The interposition of Mr Erskine has been without effect with Captain Douglas commanding the British ships in Hampton Roads. The latter adheres to his refusal to discharge the American seamen until he is instructed so to do by his superior officer who is stated to be at, Bermuda, his general orders being to grant no discharges without that sanction. Thus we are reduced to the dilemma of taking steps at variance with the conciliatory posture of things between the two countries, and which may even produce bloodshed, or of seeing our laws silenced and prostrated by a foreign armed ship enjoying the security and hospitality of a friendly port. The case is marked with the strongest aggravations. The ships under Douglass being those which entered our waters fresh from the outrage and insult committed near the shore of N. Carolina by the destruction of the French ship L’Impetueux, and Douglas himself having been an offender on several other occasions, as well as on this. It is not yet precisely decided what will be done in case the interposition of the superior officer should not very quickly take place. But it will be proper for you to prepare the British Government for whatever course may be found necessary for vindicating the authority of our laws within our own limits and fulfilling the responsibility of the Government, to the national sentiment. Mr Erskine appears to be particularly anxious to prevent extremities, and to be exerting all his faculties to remove the occasion for them.

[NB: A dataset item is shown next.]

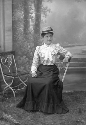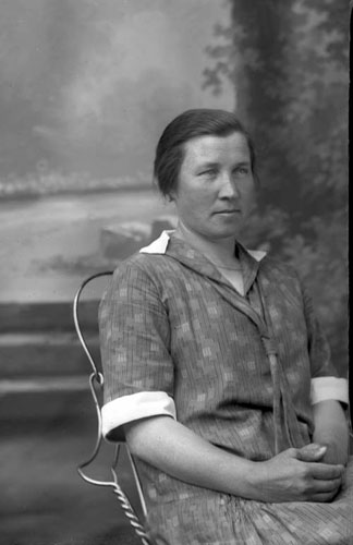 Sökord: Motivkategori:porträtt, kvinna Id:165 Fotograf: Erika Nordin Fotoår: okänt Bildnummer: en-b-17 Förening: Enångers Hembygdsförening Land: SE Motivplats: Gävleborg, Enånger Teknik: inskannad glasplåt 9x12 Rättighet: Enångers hembygdsförening Originalplats: (visas ej publikt)

The papers lately received from the Insurance Company of Baltimore relating to the ship Messenger, with a communication from our Agent in Antigua of all which copies are also enclosed, present a very singular adjudication in the Vice Admiralty Court at Halifax, and fresh proofs of the extortions practiced in the courts at both places. You will be at no loss for the proper comments on the former subject as well as on the latter, nor for the use to be made of them in making the British Government sensible of the reforms which are equally called for by justice to other nations, and by a regard to the character of its tribunals. No recognition of neutral rights which may be inserted ⟨   ⟩ in a Treaty can render the state of things between the two countries such as it ought to be, and as we wish it to be; if those who are to give effect to the Treaty, are left at liberty to prostrate it by such abuses of their trust. The difficulty is not cured by the right of appeal from those subordinate decisions, and the removal of them in the superior Tribunals for reasons too well understood to require repetition. I have the honor, &c

James Madison

DNA: RG 59—IM—Instructions to Ministers.